A Structures of triazole 1.1 and triazole 187. B 35S-GTPyS binding; C βarrestin2 recruitment; D inhibition of forskolin-stimulated cAMP accumulation; and E ERK1/2 phosphorylation are presented as % maximal U69,593 response. Data are presented as mean ± SEM; potencies with 95% CI and n are detailed in F. F Pharmacological parameters (mean with 95% CI) and bias factors are presented where bias factors were calculated using U69,593 as the reference agonist to define unity. ND: not determined, *p < 0.05, ****p < 0.0001; Extra sum of squares F test (p = 0.05) comparing curves of replicates to U69,593; ^p < 0.05; ^^^^p < 0.0001 Extra sum of squares F test (p = 0.05) comparing curves of replicates to triazole 1.1. G Bias factors are plotted on a logarithmic scale (base 10) (10^ΔΔLogR) in the web plot; as presented, a value of >10 indicates a preference for the numerator. H Pharmacokinetic properties of triazole 187 compared to triazole 1.1 measured in C57BL6/J male mice: shown are plasma (left) and brain (right) levels after intraperitoneal injection (i.p.) over time at the doses indicated presented as mean ± SD (n = 3 brains; n = 3 plasma except n = 6 triazole 1.1 s.c. at 60 min and n = 6 for triazole 187 i.p. at 30 min).

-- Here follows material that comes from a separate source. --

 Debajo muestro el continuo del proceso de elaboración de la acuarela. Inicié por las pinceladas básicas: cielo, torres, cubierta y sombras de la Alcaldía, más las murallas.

Triazole 187 was tested for off-target binding at 42 potential receptor targets by the NIMH-Psychoactive Drugs Screening Program (PDSP) which, did not reveal any high affinity targets other than KOR (Supplemental Fig. 1B) [58]. Triazole 187 (5 and 15 mg/kg i.p.) was also evaluated for brain and plasma levels in C57BL6/J mice (Fig. 1G); like triazole 1.1 (10 mg/kg, s.c., which was first published in [22, 32] and repeated here); triazole 187 is also brain penetrant and can still be detected in brain at 4 h (Fig. 1H). For comparison, striatal levels of U50,488H at 30 min post injection are 2.0 ± 0.3 µM after a 5 mg/kg, s.c. dose and 8.1 ± 1.9 µM after a 15 mg/kg, s.c. dose (mean with SD, n = 3) [22].

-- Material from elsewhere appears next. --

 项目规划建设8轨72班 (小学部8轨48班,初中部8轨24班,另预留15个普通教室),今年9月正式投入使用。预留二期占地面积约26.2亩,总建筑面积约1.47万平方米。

Triazole 187, triazole 1.1, and U50,488H are potent anti-pruritic compounds
Triazole 1.1 was previously shown to be as equally efficacious as U50,488H in the chloroquine phosphate-induced pruritus mouse model when compared at a dose of 1 mg/kg [22]. A dose response study, utilizing lower doses of the compounds, was undertaken to determine the median efficacious dose (ED50) (Fig. 2A,B, Table 1). The ED50 for triazole 187 is not different from U50,488H and represents an improvement over triazole 1.1 (see Table 1 for statistical comparisons of ED50 values). U50,488H and triazole 187 suppresses scratching at 0.3 mg/kg, while only the highest (1.0 mg/kg) dose of triazole 1.1 produces a significant effect relative to vehicle treatment (Fig. 2B).
A U50,488H, triazole 1.1, and triazole 187 dose-dependently suppress chloroquine-phosphate (CP) (40 mg/kg, s.c. neck) induced scratching in in male C57BLJ/6 mice when administered 10 min before CP. B The number of scratches are shown (n: Veh s.c.: 14; U50 s.c.: 7-12; Tri 1.1 s.c.: 6-12; Veh i.p.: 10 Tri 187 i.p.: 9). C U50,488H, induces more urine production than triazole 1.1 and triazole 187 over a 3 h period compared to vehicle. D The urinary output in µL is shown per dose (n: Veh s.c.: 21; U50: 5-12; Tri 1.1: 6-12; Tri 187: 6-8). E Climbing responses were counted during the urine collection over 3 h. Since U50,488H is sedative at higher doses, the 10 mg/kg dose was used to set the maximum and 15 and 30 mg/kg data were not fit to determine potency in the %MPE curve. F Climbing attempts are shown for each dose (n are: the same as in D). G U50,488H potently disrupts nesting behaviors. H The number of zones cleared are shown for each dose (n: Veh s.c.:9; Veh i.p.: 8; U50: 6; Tri 1.1: 6-7; Tri 187: 5-7). The calculated ED50 from the hyperbolic curves for each compound is presented in Table 1 with 95% CI. Data are presented as mean ± S.E.M. Dose vs. vehicle comparisons were conducted using ordinary one-way ANOVA with Dunnett’s post-hoc test (*p < 0.05, **p < 0.01, ***p < 0.001, ****p < 0.0001).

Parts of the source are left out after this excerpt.